2. Now write an ABC News story that:

  • Features an inflated headline reading “1 in 14 Fell Prey to Identity Theft in 2012” (6.7% is actually the equivalent of 1 in 15)
  • Ignores that the vast majority of this group did not “fall prey,” since they lost nothing
  • Falsely writes that “Two-thirds of identity theft victims experienced financial losses, which averaged $1,769” (the average of $1,769 is only of the 14% of the 6.7% of Americans who lost more than a dollar)

A careful read of the BJS report should leave you comforted.

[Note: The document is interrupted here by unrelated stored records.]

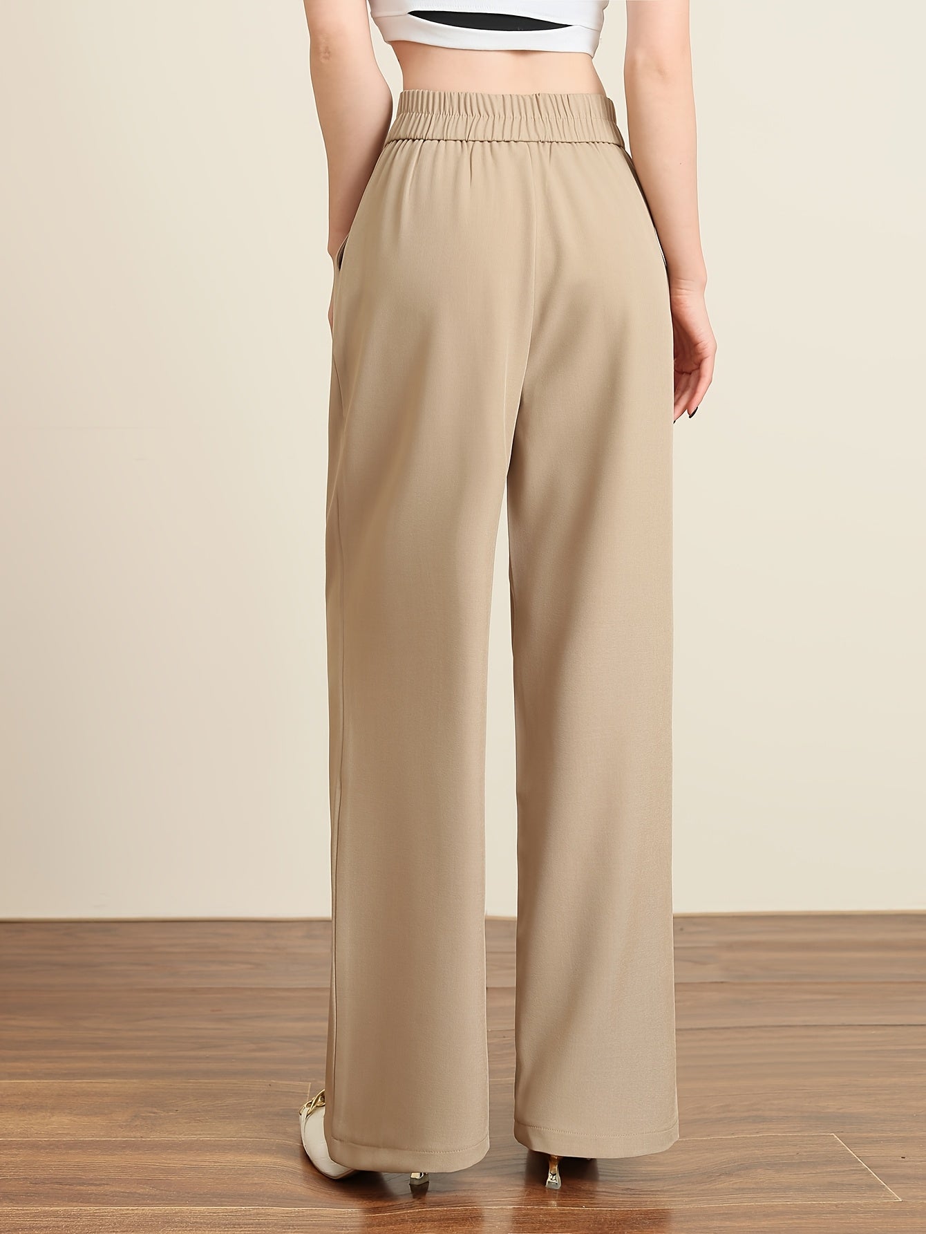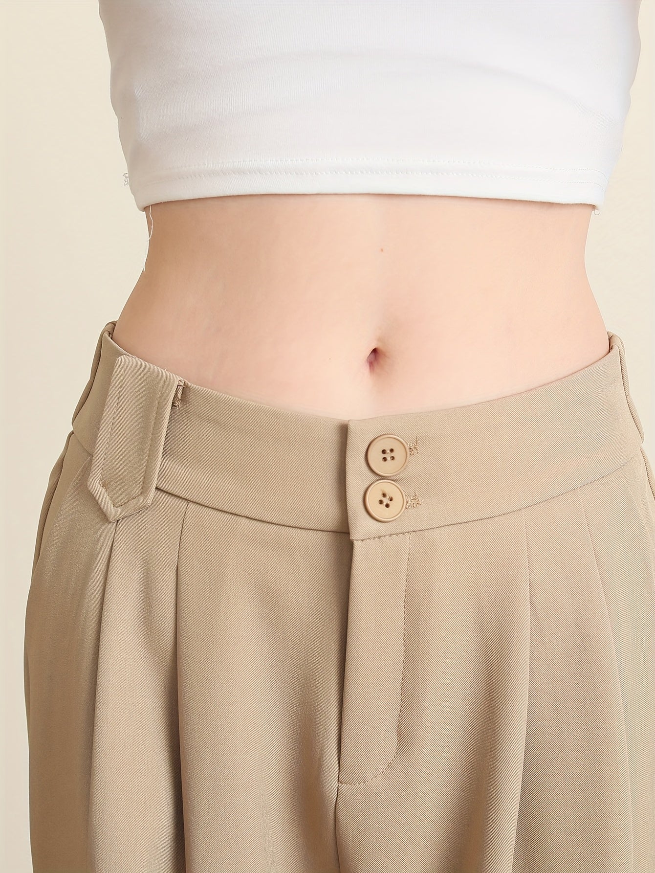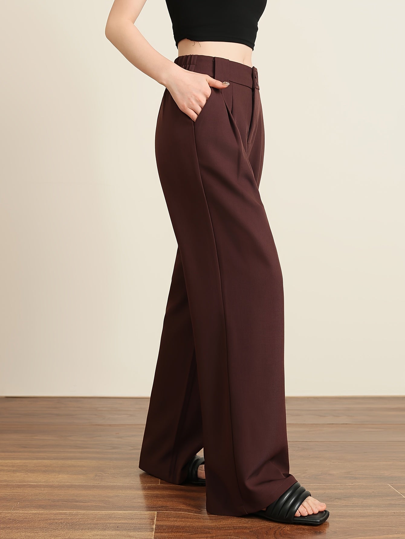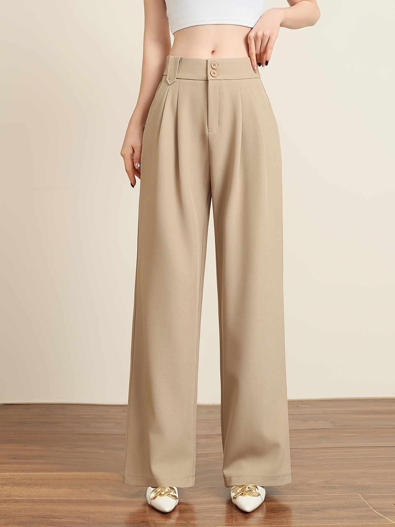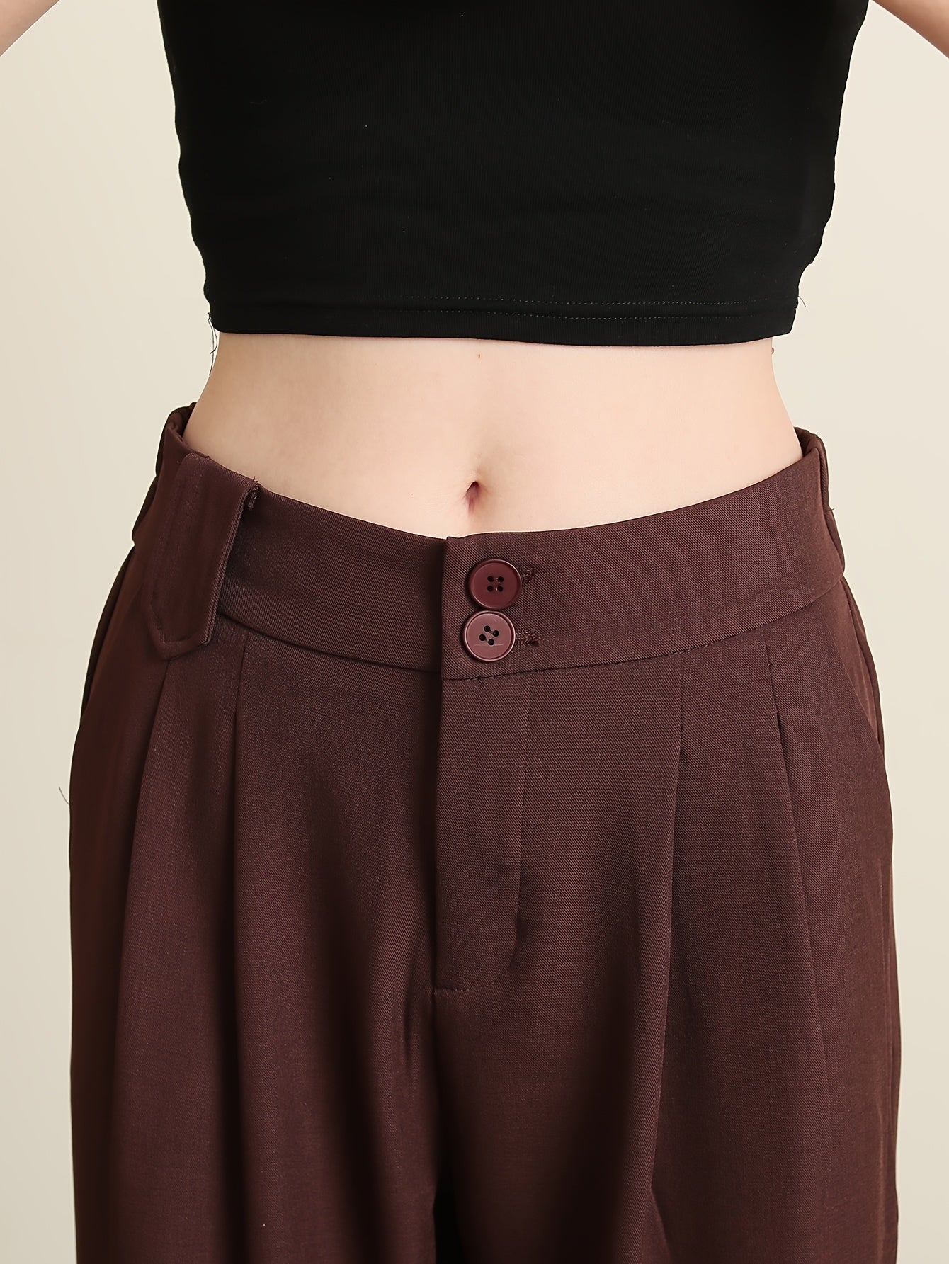 Solid Color Slim Straight Pants, Casual Women'S Long Trousers with Pockets And Buttons for Everyday Wear.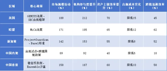 2.牌照准入制度:合规牌照发放后,区域内机构参与度平均提升 150%,美国 GENIUS 法案落地后,合格稳定币发行机构数量 6 个月内增长 230%。
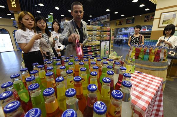 2015年6月8日,中東歐國家特色商品館在浙江寧波開館。圖為一位塞爾維亞商人在寧波中東歐國家特色商品館向參觀者展示商品。(新華社記者鞠煥宗攝)
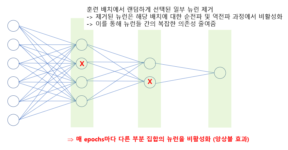 - 훈련 과정에서 신경망의 일부 뉴런을 임의로 비활성화 시킴으로써 모델을 강제로 일반화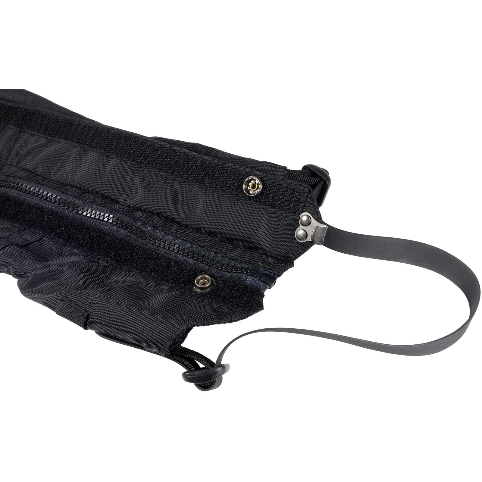 | Merkmale: | wasser- und winddicht | Klettverschluss mit Druckknöpfen | Kordelzug oben | Stiefelhaken unten | breiter, verstellbarer und stabiler Riemen im Sohlenbereich | Frontreißverschluss |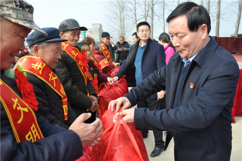 3月5日上午,商水縣化河鄉(xiāng)與縣移動公司在大王莊文化廣場召開脫貧光榮戶、孝老敬賢戶文明衛(wèi)生戶表彰暨送文化、衛(wèi)生下鄉(xiāng)活動議會??h委常委、宣傳部長李本磊、縣工會主席盧紅兵、縣移動公司經(jīng)理黃小帆、化河鄉(xiāng)黨委書記高永強(qiáng)等出席活動現(xiàn)場。大王莊村及周邊村莊部分群眾500多人參加了活動。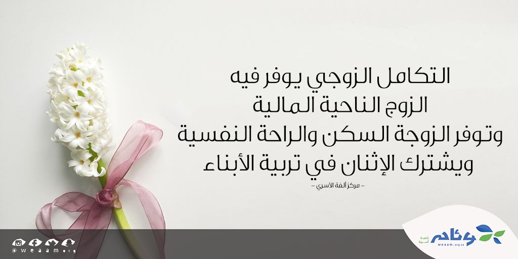 وئام للتنمية الأسرية Pa Twitter التكامل الزوجي يوفر فيه الزوج الناحية المالية وتوفر الزوجة السكن والراحة النفسية ويشترك الإثنان في تربية الأبناء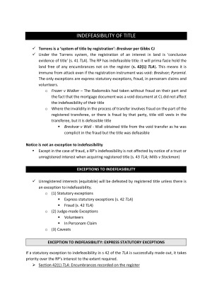 These extended notes for Property Law contain relevant cases, legal principles and statutory provisions required for the final examination. They help you organise and structure your answer to a hypothetical question.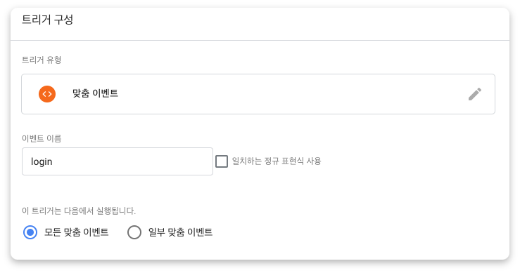 위 과정은 이벤트 실행 조건을 설정하는 것으로 데이터 레이어가 송출되는 것으로 이벤트를 실행하게 됩니다.

A quick read of the ABC News headline could make you panic.

Don’t panic.

2 thoughts on “Identity Theft: How to Build a Hype”

  1. Bill says:

    You’re right in suggesting that this is an over-hyped issue, but I just wanted to point out that there’s more than one way to “fall prey” to identity theft — dollars lost isn’t the only measure.

    Since the 1990s I’ve fallen prey to unauthorized credit card number use four different times (most recently two years ago), and every time I’ve had to cancel the compromised bank card. I’ve never lost a penny (more than temporarily, at least) because the banks are pretty efficient at refunding disputed charges, but every time I go through this it becomes ever more inconvenient. Dozens of companies I do business with online have my card on record (which is, of course, how my numbers keep getting ripped off…shame on me, I guess), and with many of those companies I have automatic monthly charges set up. When I have to cancel a card I need to go back to each of those companies and register a new card number with them. And of course I can never remember them all, so inevitably I start to get “transaction denied” notices from those I’ve forgotten…which can really gum up the works. As commerce becomes ever more internet-enabled this gets to be ever more of a PITA.

    Also, bear in mind that every time a credit card is misused somebody pays. Hacker W lifts Consumer X’s card number and uses it to buy a computer from Company Y, charged to X’s account at Bank Z. X notices the unauthorized charge and disputes it with Z, which cancels the charge and takes the money back from Y and credit’s X’s account. Typically, Y doesn’t have the time or resources to track down W for restitution, so W ends up with a free computer and Y just passes its loss on to all of its honest customers in the form of higher prices. I have no doubt that someone has done a study on what this costs the economy every year, but I haven’t seen it. I would guess it might come in at the high billions per year, though. Looked at in this light, 100% of us “fall prey” to identity theft, but our losses are invisible so we don’t actually notice.

    1. Jim says:

      You’re right, Bill, that’s fair.